Abstract
Pathogenesis of pulmonary hypertension includes vascular smooth muscle cell membrane depolarisation and consequent calcium influx. Usually, calcium-gated potassium channels are activated under such conditions and repolarise the membrane. However, in pulmonary hypertension they are downregulated. The authors hypothesised that pharmacological augmentation of these channels would reduce pulmonary hypertension.
Dehydroepiandrosterone sulphate (DHEA‐S, 0.1 mg·mL−1), a recently characterised activator of calcium-gated potassium channels, was given to rats in drinking water.
Pulmonary arterial blood pressure, increased by 4 weeks of hypoxia (from 15±0.2 to 29.4±2.5 mmHg), was selectively attenuated in rats treated with DHEA‐S for the whole duration of the hypoxic exposure (23.9±0.9 mmHg) and in rats given DHEA‐S only after pulmonary hypertension had fully developed (last 2 weeks of hypoxia; 24.4±1.4 mmHg). Pulmonary vascular remodelling and right ventricular hypertrophy associated with pulmonary hypertension were also reduced by DHEA‐S. Cardiac index and systemic arterial blood pressure did not differ among the groups.

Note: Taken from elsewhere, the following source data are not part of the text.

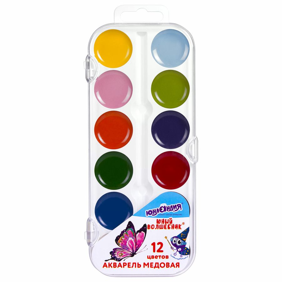 Акварельные краски ЮНЛАНДИЯ идеально подходят для уроков детского творчества и художественного изобразительного искусства. Рисование способствует развитию образного мышления, глазомера, мелкой моторики рук, тонкого восприятия цветовой гаммы. 12 ярких насыщенных цветов отлично смешиваются между собой и позволяют создать множество оттенков, обеспечивают однородное окрашивание. Краски быстро высыхают и не портятся со временем. Безопасны для детей, нетоксичны. Выпускаются в пластиковом пенале с прозрачной крышкой, круглой формой кювет и отделением для кисточки. Упаковка обладает компактными размерами и легким весом. Рисование акварельными красками ЮНЛАНДИЯ "ЮНЫЙ ВОЛШЕБНИК" подарит детям хорошее настроение и возможность порадовать своих родителей первыми рисунками!
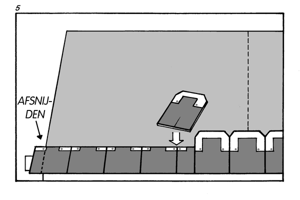 - Utilisez pour la finition du faîte l'Ardoise-Rustique Faîtière. Préparez les faîtes en découpant la partie non visible en oblique avec un cutter ou une scie sauteuse. Commencez toujours face au vent dominant.
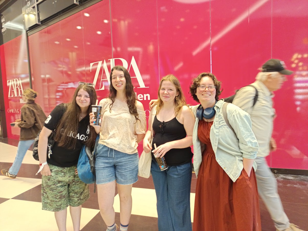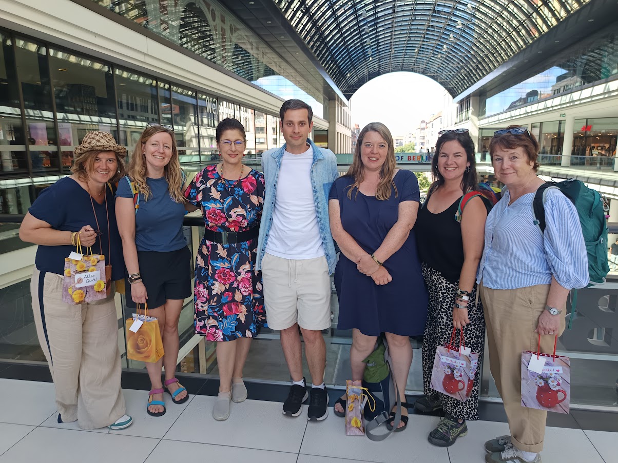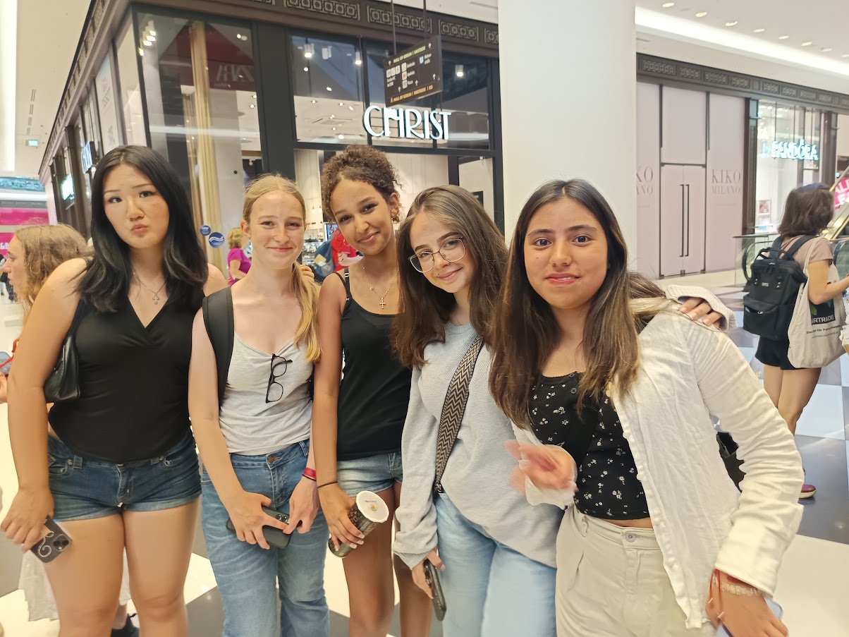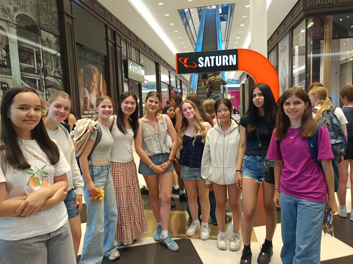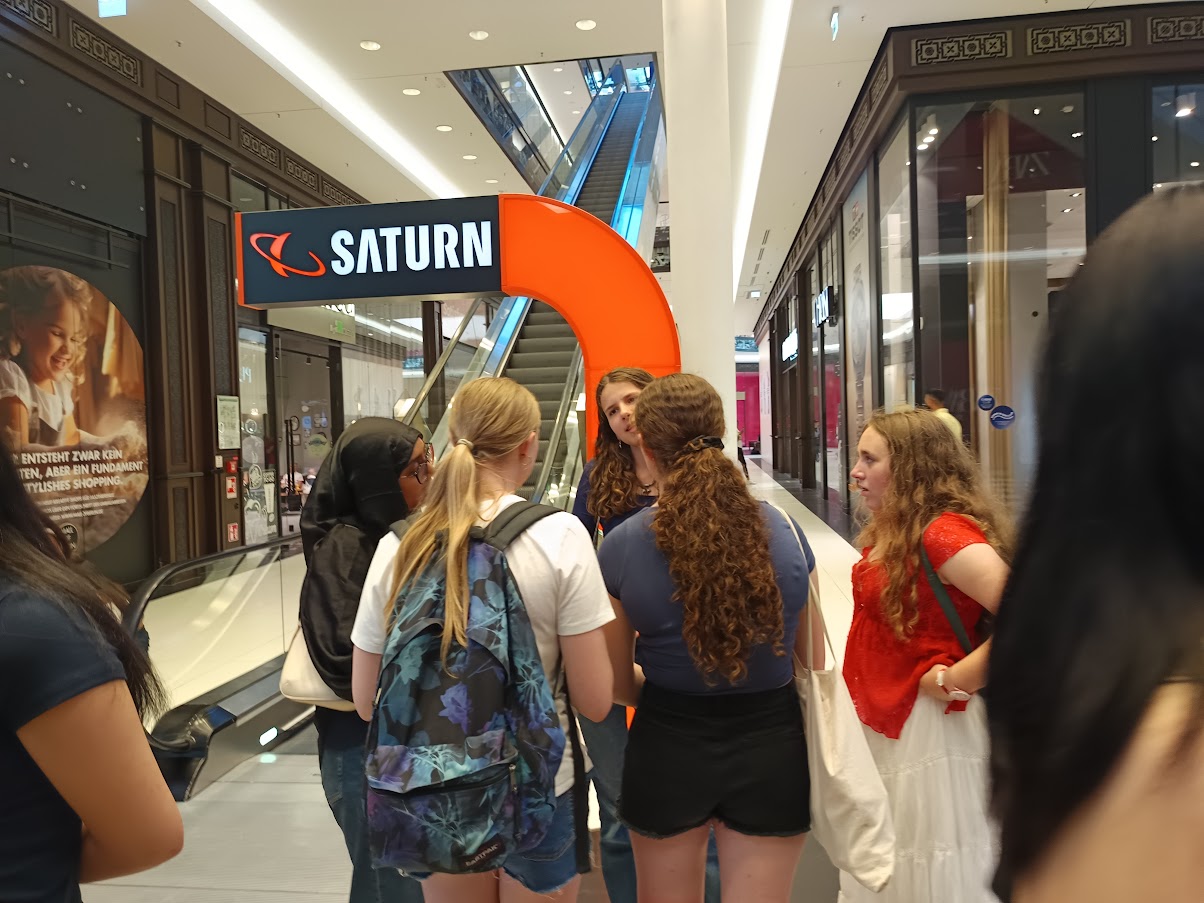 Es gab heute eine besondere Begegnung in Berlin: Die Klasse 9g hatte seit einiger Zeit eine Brieffreundschaft mit einer Londoner Schulklasse aufgebaut. Durch einen Kontakt von Frau Diem aus der Cafeteria kam der Kontakt mit der Coombe School for Girls https://www.coombegirlsschool.org/ zustande. Zufällig war diese Klasse nur wenige Wochen später auf Klassenfahrt in Berlin, und gemeinsam mit ihrer Lehrerin, Frau Elliott, organisierten wir kurzerhand ein Treffen unserer beiden Schülergruppen. Das Programm der englischen Gruppe ermöglichte uns, ein zweistündiges Walk and Talk in der Mall of Berlin zum Kennenlernen in gemischten Gruppen zu veranstalten.
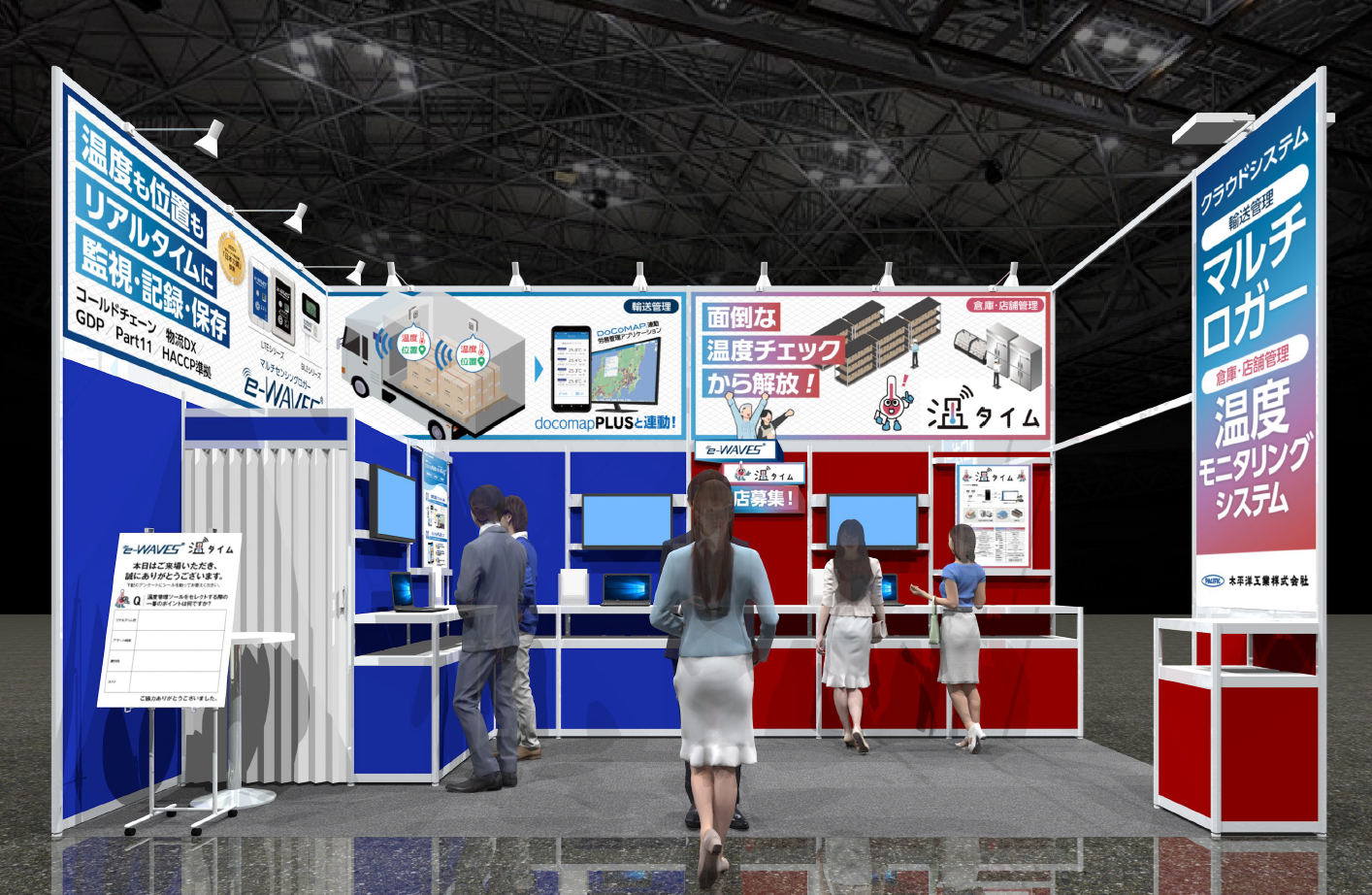 2025年10月にリリースし、ご好評をいただいている定置向け温度管理ソリューション「温タイム」に加え、株式会社ドコマップジャパン(本社:東京都港区、代表取締役:浦嶋一裕)の車両位置情報管理サービス「DoCoMAP(ドコマップ)」との連携サービスもご紹介いたします。気温上昇に備えた温度管理体制の構築には、まさに今が最適なタイミングです。ぜひご来場くださいませ。
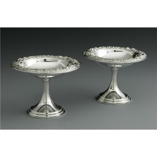 <B>Two American Silver Compotes</B></I><BR>S. Kirk & Son, Baltimore, MD, Mid-Twentieth Century<BR><BR>The raised compotes with floral repousse rims, marked underside, total weight 14.2 Troy ounces<BR>4.7in. high x 6.2in. diameter
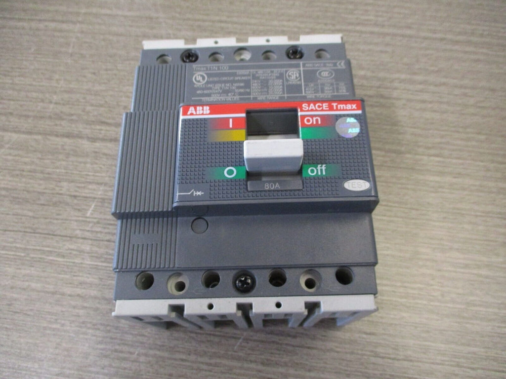 ABB SACE Tmax Circuit Breaker T1N 100 80A 600V 4P *No Mounting Screws* Used Condition: UsedBrand: ABBMPN: T1N 100Maximum Amperage: 80 AVoltage: 600 V ABB SACE Tmax Circuit Breaker T1N 100 80A 600V 4P *No Mounting Screws* Used ABB SACE Tmax Circuit Breaker Part #: T1N 100 80 A 600 V 4P*No Mounting Screws* Used Loc: 26F2-7 ABB SACE Tmax Circuit Breaker Part #: T1N 100 80 A 600 V 4P *No Mounting Screws* Uséd Loc: 26F2-7
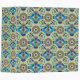 A mesmerizing interplay of blue and orange motifs, complemented by subtle accents of yellow and brown, defines this asymmetrical textile design. The careful arrangement of colours creates a sense of balance and harmony, making it a captivating addition to any room.
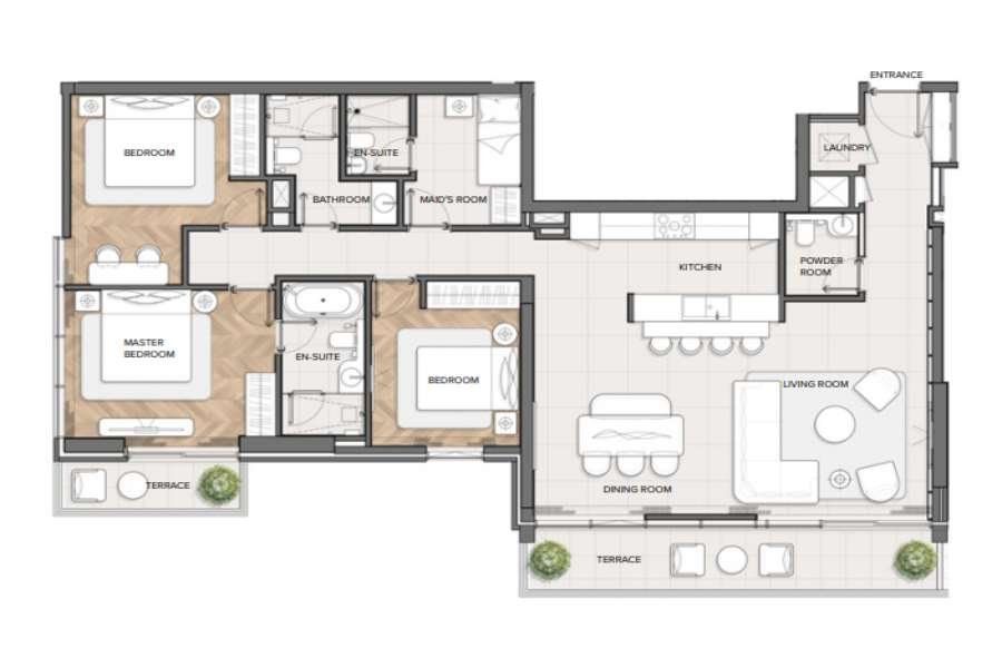 Willkommen in den Residences Du Port in Dubai Marina! Wenn Sie dieses luxuriöse Apartment mit drei Schlafzimmern betreten, werden Sie von raumhohen Fenstern begrüßt, die einen atemberaubenden Blick auf den Yachthafen bieten. Der geräumige Wohnbereich ist ideal, um Gäste zu empfangen oder sich mit der Familie zu entspannen. Die Annehmlichkeiten der Residences Du Port im Resort-Stil sind wirklich außergewöhnlich. Sie können auf der Poolterrasse im Beachclub-Stil faulenzen, sich im hochmodernen Wellness-Studio mit Fitnessraum, Sauna und kaltem Tauchbecken entspannen oder einen Film im privaten Kino genießen. Für Golfbegeisterte gibt es einen Hightech-Golfsimulator, an dem Sie Ihren Schwung üben können. Der Concierge-Service ist rund um die Uhr verfügbar und kümmert sich um alle Ihre Bedürfnisse. Die Kinder werden sich über die Kinderkrippe freuen, während Sie im wunderschön angelegten Gartenbereich ein BBQ genießen können. Eine sichere Tiefgarage und Hochgeschwindigkeitsaufzüge sorgen für zusätzlichen Komfort in dieser prestigeträchtigen Wohnanlage.\n\nDie von der Riviera inspirierte Architektur und die hochwertige Ausstattung dieser Wohnung bieten ein wahrhaft luxuriöses Wohnerlebnis. Verpassen Sie nicht die Chance, Residences Du Port zu Ihrem neuen Zuhause in Dubai Marina zu machen!

The authors conclude that treatment with an activator of calcium-gated potassium channels, dehydroepiandrosterone sulphate, known to be well tolerated by humans, reduces hypoxic pulmonary hypertension in rats.
- antioxidants
- hormones
- hypertension
- large-conductance calcium-activated potassium channel
- potassium channels
- pulmonary
This study was supported by the grant agency of the Czech Republic, grant nos. 306/97/0854, 305/97/S070 and 305/00/1432.
Although the possibilities of therapeutic intervention in pulmonary hypertension have somewhat expanded recently, they still have important limitations, particularly unsatisfactory efficacy, severe side-effects and high cost 1–7. Thus, a need remains for an effective, safe and easy-to-use therapy for chronic pulmonary hypertension.
The mechanism of pulmonary hypertension includes vasoconstriction and vascular wall remodelling 1. Both of these processes are controlled, among other factors, by intracellular calcium (Ca) concentration ([Ca2+]i) 8, 9, which, in turn, is governed mostly by membrane potential 10. In resistance pulmonary arteries, resting membrane potential of myocytes is controlled predominantly by voltage-gated potassium (K) channels 10, 11. Conversely, Ca-gated K (KCa) channels are relatively inactive under resting conditions but open upon cell stimulation (i.e. depolarisation and increased [Ca2+]i) 10–13. Their opening repolarises the cell membrane and thus functions as a negative feedback limiting depolarisation 10, 12, 13.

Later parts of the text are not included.